Die GPIO-Eingänge des ESP32 haben diese Hysterese bereits eingebaut. Bei anderen Bausteinen steht sie im Datenblatt als V(T+) und V(T−); fehlt sie, gehört ein Schmitt-Trigger-Baustein dazwischen.
Der Software-Weg
In Software ist Entprellen eine Sperrzeit: Nach einer erkannten Flanke wird der Eingang für eine feste Zeit — üblich sind 20 ms — nicht mehr beachtet. Alle weiteren Wechsel in dieser Zeit fallen unter den Tisch.
Das kostet ein Bauteil weniger und ändert die Grenze der Schaltung:
1 / 20 ms = 50 Drücke je Sekunde sind damit noch unterscheidbar
Für einen Taster ist das reichlich; ein Mensch schafft keine fünfzig Drücke pro Sekunde. Für einen Drehgeber wäre es das Ende.
| Hardware (RC + Hysterese) | Software (Sperrzeit) | |
|---|---|---|
| Kosten | drei Bauteile | keine |
| wirkt bei | Interrupts, langen Leitungen, allem | nur dort, wo der Code hinschaut |
| Zeit ändern | umlöten | eine Zahl ändern |
| Schutz gegen Störungen von aussen | ja, der Kondensator filtert mit | nein |
Die Entscheidung: Software genügt, wenn du den Pin ohnehin in einer Schleife abfragst. Hardware braucht es, sobald der Taster auf einem Interrupt liegt — denn dann feuert jeder einzelne Prellimpuls die Unterbrechungsroutine, bevor irgendein Code entscheiden kann. Und Hardware braucht es, wenn der Taster über ein längeres Kabel angeschlossen ist: Dann fängt die Leitung Störungen ein, und dagegen hilft nur der Kondensator.
Dieselbe Schaltung, die du schon kennst
Der Entpreller ist das Widerstand-Kondensator-Paar (RC-Glied) aus Modul 3, als Tiefpass gelesen und sonst unverändert.

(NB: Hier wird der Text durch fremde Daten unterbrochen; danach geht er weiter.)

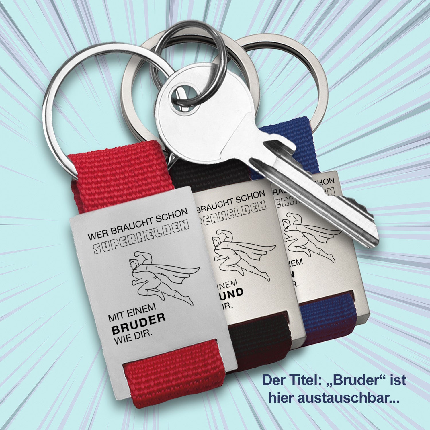Mit diesem Geschenk für Helden überreichst Du ein einzigartiges Präsent mit besonderen Erinnerungswert. Dein bester Freund, Dein Papa, Opa, Onkel oder Dein Partner wird diesen Schlüsselanhänger immer in Ehren halten und an Dich und den Moment der ehrenden Geschenkübergabe denken. Schenke dieses symbolische Schlüsselband für den Haustürschlüssel oder Autoschlüssel Deines Alltagshelden, so kann auch der größte Held keinen kleinen Schlüssel verlieren.
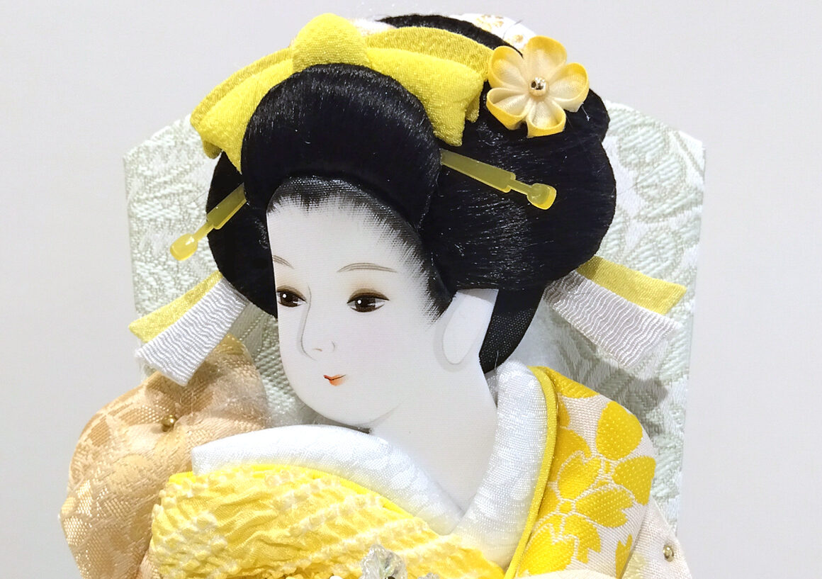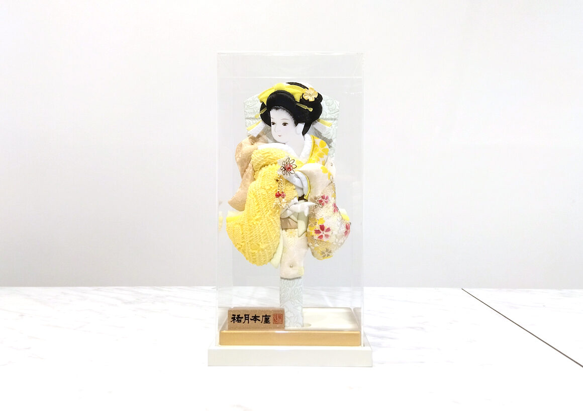 絞り染めの御衣裳は正絹生地を使用、コンパクトなアクリルケース入りで様々な場所に飾れます。黄色は幸運や希望を象徴し、お子様の初正月のお祝いにふさわしい飾りです。

Dieselben zwei Formeln, dieselbe Kurve — nur heisst das Störsignal hier «prellender Kontakt» statt «Nadelimpuls».
Das ist der Grund, warum τ = R · C so oft vorkommt: Es ist nicht ein Werkzeug unter vielen, sondern das Werkzeug, sobald etwas langsamer werden soll, als es von selbst wäre. In Modul 9 taucht es ein drittes Mal auf, beim Glätten von PWM.
Kurze Selbstkontrolle
Zählt nicht — nur zum Prüfen, ob es angekommen ist.
1.Ein Taster prellt 5 ms lang. Deine Abfrageschleife läuft alle 1 µs. Wie oft schaut sie während des Prellens auf den Pin?
2.Warum lädt und entlädt sich der Kondensator im Hardware-Entpreller unterschiedlich schnell?
3.Wozu braucht der Eingang hinter dem Widerstand-Kondensator-Paar eine Hysterese?
4.Wann reicht Entprellen in Software nicht aus?